The White Man's Law is a surviving 1918 American silent drama film directed by James Young and written by Marion Fairfax and John B. Browne. The film stars Sessue Hayakawa, Florence Vidor, Jack Holt, Herbert Standing, Mayme Kelso, and Forrest Seabury. The film was released on May 6, 1918, by Paramount Pictures.

==Plot==
As described in a film magazine, Sir Harry Falkland, having lost the respect of his wife and facing prosecution for forgery, leaves England and goes to Africa as part of an ivory commission. Maida Verne, a French-Sudanese maid, captivates his eye, and after he declares his love for her, she is compromised in the eyes of her fiancé John A. Genghis, the son of a sheik and an Oxford graduate. While on the trip to the interior in search of ivory, Genghis discovers Falkland's duplicity through a letter from his wife. In the fight that ensues Genghis is worsted and Falkland returns with a tale of the death of the young native. The impending arrival of Lady Falkland dispels Maida's dream of love and her demand for the restoration of her good name is met with indifference by Falkland. Genghis, who has miraculously escaped death, returns and after besting Falkland in a fight gives him permission to commit suicide. Falkland's death is reported to his wife as an accident and Genghis and Maida prepare for marriage.

==Cast==
- Sessue Hayakawa as John A. Genghis
- Florence Vidor as Maida Verne
- Jack Holt as Sir Harry Falkland
- Herbert Standing as Sir Robert Hope
- Mayme Kelso as Mrs.
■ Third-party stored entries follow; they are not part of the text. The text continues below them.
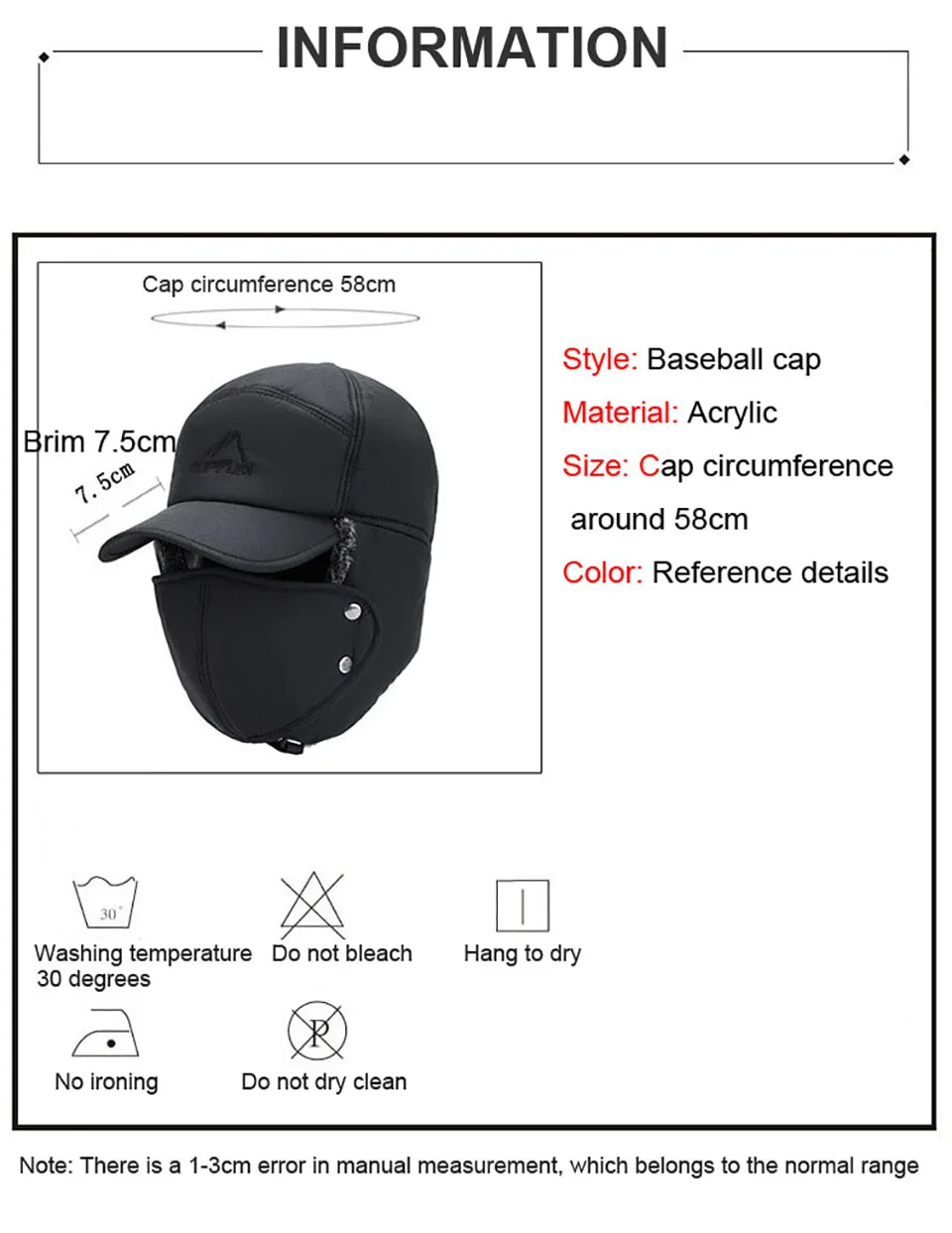 Зимняя Мужская ветрозащитная шапка, теплая Съемная бейсболка на все...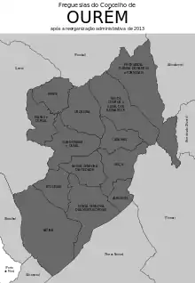 O município de Ourém está dividido em 13 freguesias:[2]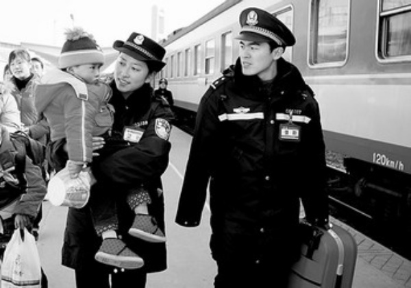 2月13日,铁路民警在安徽淮北火车站帮助乘客。为应对春运返程客流高峰,淮北铁路派出所加大警力投入,增强安全保卫,维持秩序,确保旅客安全。 新华社发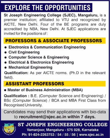 St Joseph Engineering College, Mangaluru has advertised in THE TIMES OF INDIA Newspaper for the recruitment of Professors & Associate Professors / Assistant Professors . Interested and eligible job aspirants are requested to Send to the Mail within 7 days. Check out further more details below.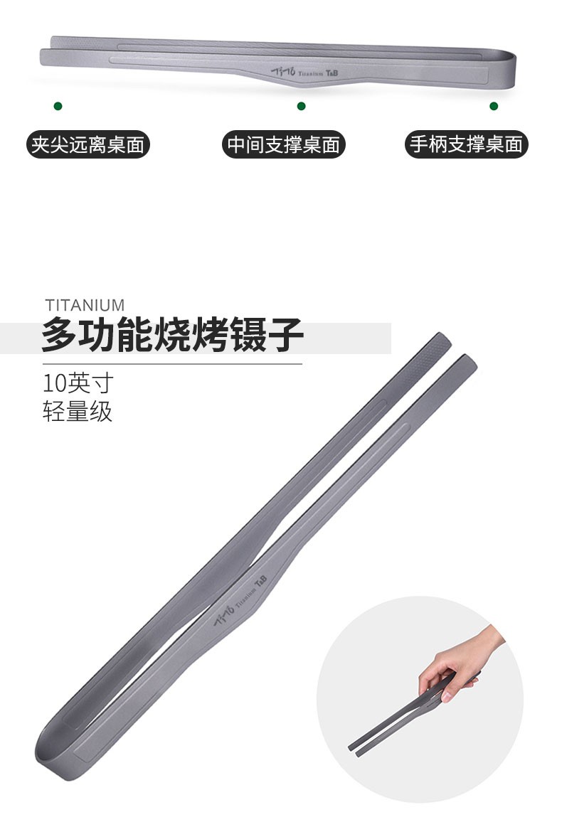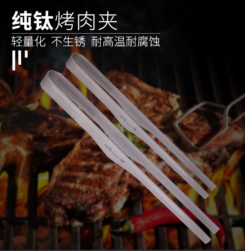 钛途(TITO TITANIUM) 纯钛烧烤夹烤肉夹子牛排夹户外野营旅行装备餐具厨具厨房烹饪 纯钛烤肉夹255mm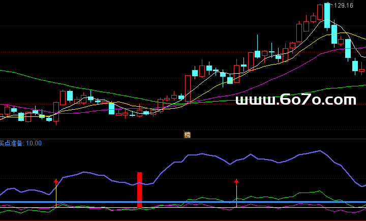 关键动作:当这根粉色趋势线从低位(≤10)上穿10值,相当于汽车仪表盘亮起"发动机启动"指示灯!说明下跌动能衰竭,趋势可能反转。(源码中对应STICKLINE(CROSS(趋势线,10)…的白色柱状信号)

Mayhew
- Forrest Seabury as Cpl. Verne
- Josef Swickard as Suliman Ghengis
- Ernest Joy as Sir Harry's Father
- Charles West as The Derelict
- Noah Beery as Dr. Robinson
- Frank Deshon as Falkland's Valet
- Clarissa Selwynne as Lady Falkland

==Preservation==
A print is preserved in the Gosfilmofond Russian State Archive in Moscow.